EventHandler<EventArgs> temp = SomeEvent;
if (temp != null) temp(e);

"Remember that delegates are immutable and this is why this technique works in theory. However, what a lot of developers don't realize is that this code could be optimized by the compiler to remove the local temp variable entirely. If this happens, this version of the code is identical to the first version, so a NullReferenceException is still possible."

The problem (according to the book) is that “this code could be optimized by the compiler to remove the local temp variable entirely. If this happens, this version of the code is identical to the first version, so a NullReferenceException is still possible”

According to CLR via C#, here is a better way to force the compiler to copy the event pointer.

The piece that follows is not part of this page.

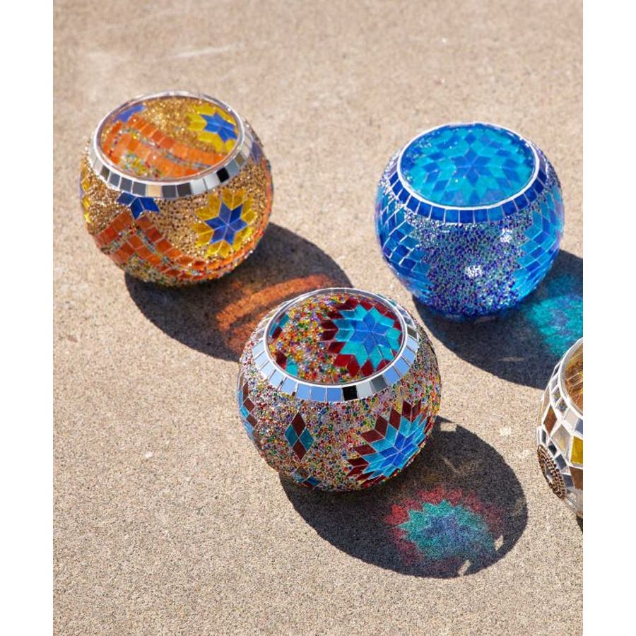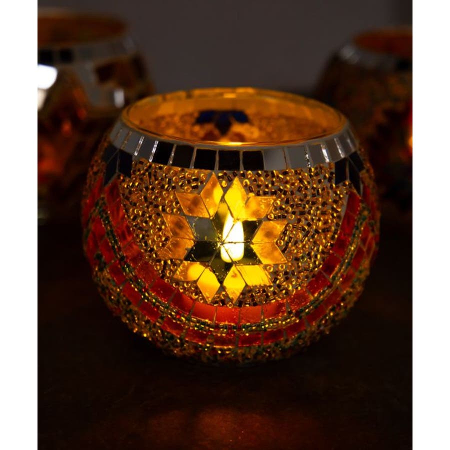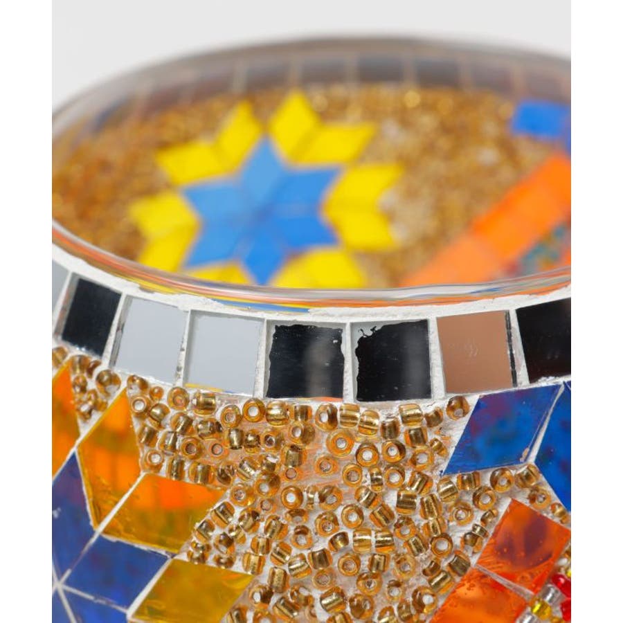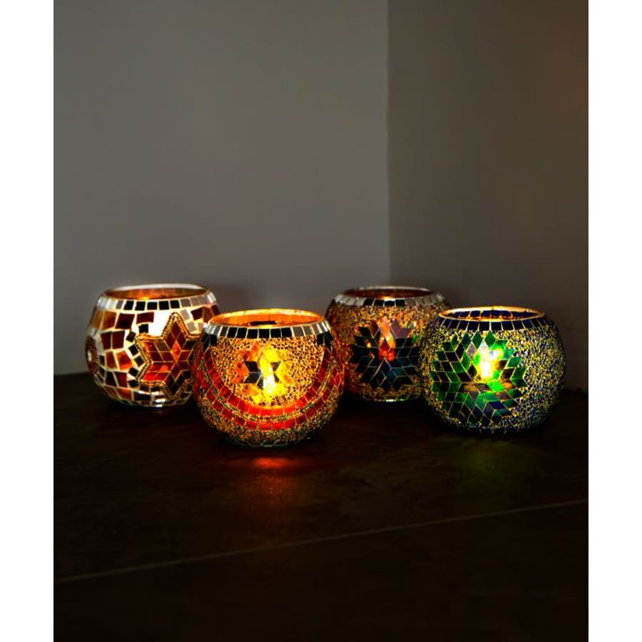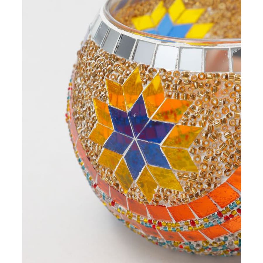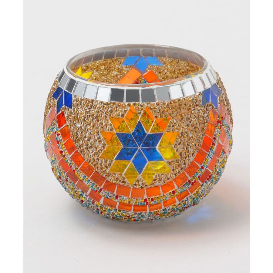 モザイクタイルの国、モロッコ。そんなモロッコのモザイクガラスをイメージしたキャンドルホルダー。見る角度によって光の反射が異なる、大胆なデザイン。揺れるキャンドルの光で心に安らぎを。色によって異なるラインデザインアイテム。

virtual void OnNewMail(NewMailEventArgs e)
{
    EventHandler<NewMailEventArgs> temp =
                          Interlocked.CompareExchange(ref NewMail, null, null);
    if (temp != null) 
        temp(this, e);
}

Here, CompareExchange changes the NewMail reference to null if it is null and does not alter NewMail if it is not null. In other words, CompareExchange doesn’t change the value in NewMail at all, but it does return the value inside NewMail in an atomic, thread-safe way.
Richter, Jeffrey (2010-02-12). CLR via C# (p. 265). OReilly Media – A. Kindle Edition.

I am on .Net 4.0 framework, and not sure how this can possibly work, because Interlocked.CompareExchange expects a reference to a location, not a reference to a event.

Either there is an error in the book, or I misinterpreted it. Has anyone implemented this method? Or have a better way to prevent race conditions here?

UPDATE

it was my mistake, the iterlocked code works. i just had wrong casting specified, but according to Bradley (below) it is not necessary in .net 2.0 and up on windows.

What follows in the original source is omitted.